**How to complete this task**.
Print the listing below exactly, images excluded.

**Data**.
========================================
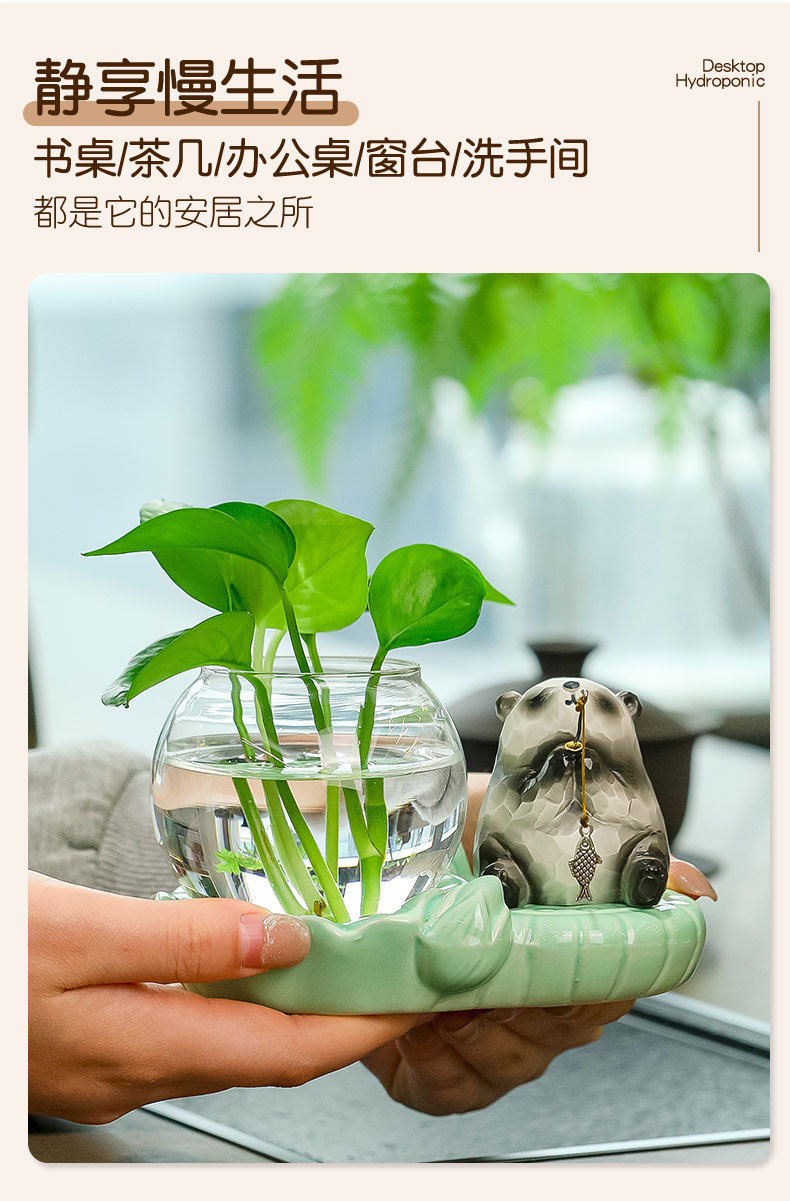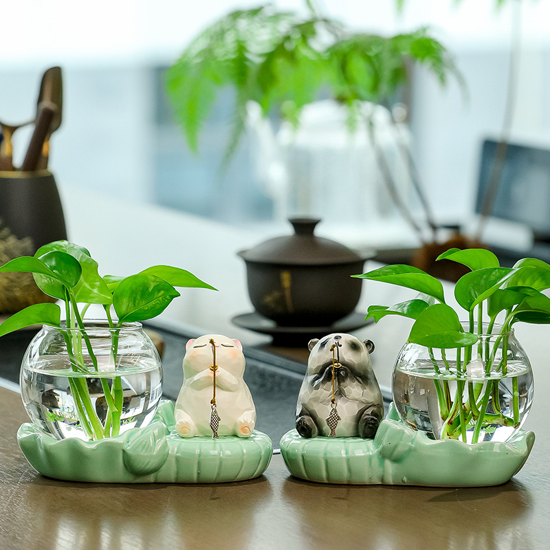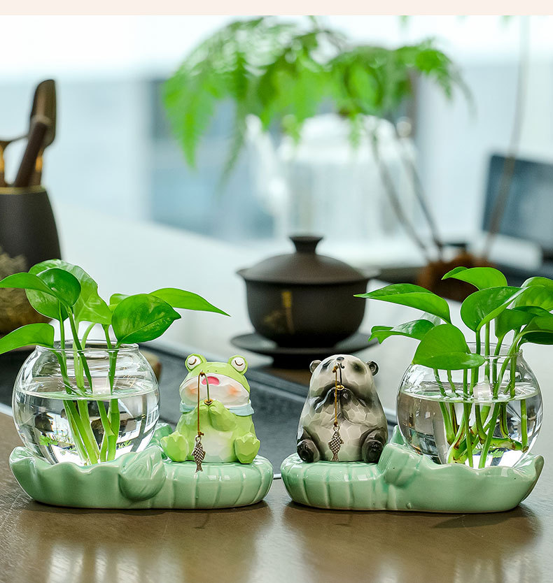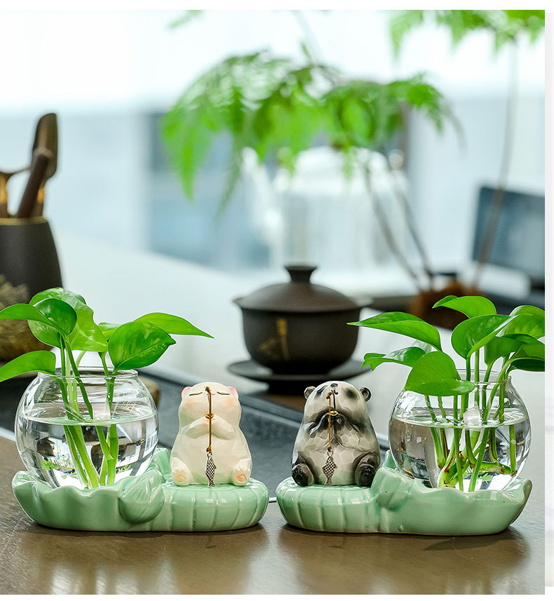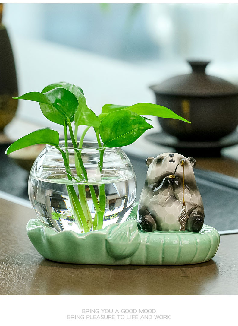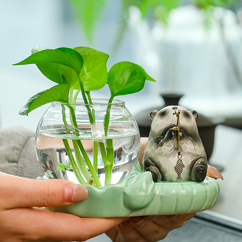 panda fishing + celadon hydroponic vase
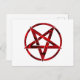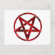 Pentagrama rojo, invertido, texturado en círculo, sobre fondo blanco. Símbolo oculto. 666
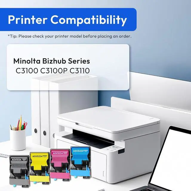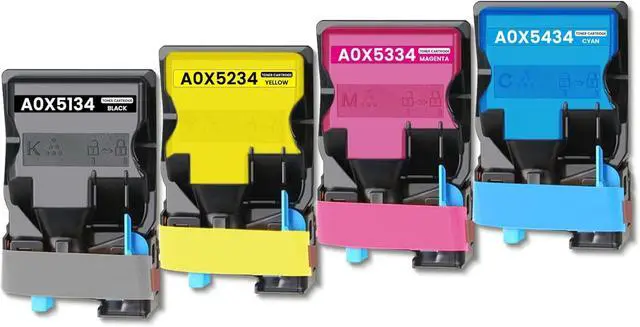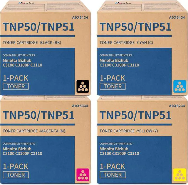 Package includes: 1 x A0X5134 black toner cartridge, 1 x A0X5434 cyan toner cartridge, 1 x A0X5334 magenta toner cartridge, 1 x A0X5234 yellow toner cartridge replacement for Konica TNP50 toner cartridge, TNP-50 toner cartridge, TNP51 toner cartridge, TNP-51 toner cartridge.
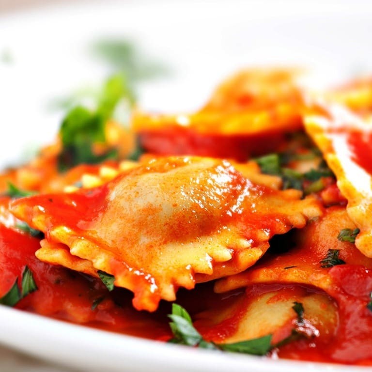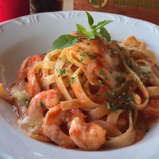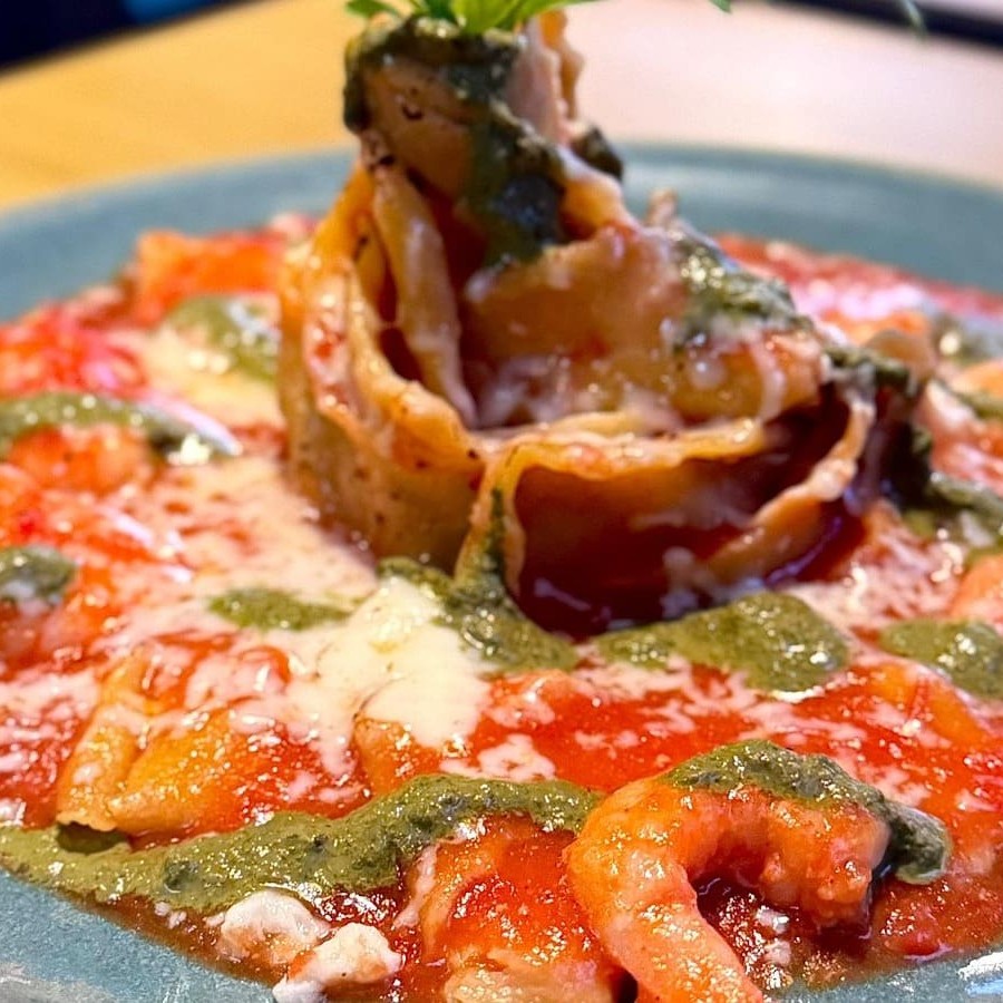 Suculenta massa fresca recheada com creme de camarão e servida com molho de tomate artesanal.
========================================
**Output**.
 panda fishing + celadon hydroponic vase
 Pentagrama rojo, invertido, texturado en círculo, sobre fondo blanco. Símbolo oculto. 666
 Package includes: 1 x A0X5134 black toner cartridge, 1 x A0X5434 cyan toner cartridge, 1 x A0X5334 magenta toner cartridge, 1 x A0X5234 yellow toner cartridge replacement for Konica TNP50 toner cartridge, TNP-50 toner cartridge, TNP51 toner cartridge, TNP-51 toner cartridge.
 Suculenta massa fresca recheada com creme de camarão e servida com molho de tomate artesanal.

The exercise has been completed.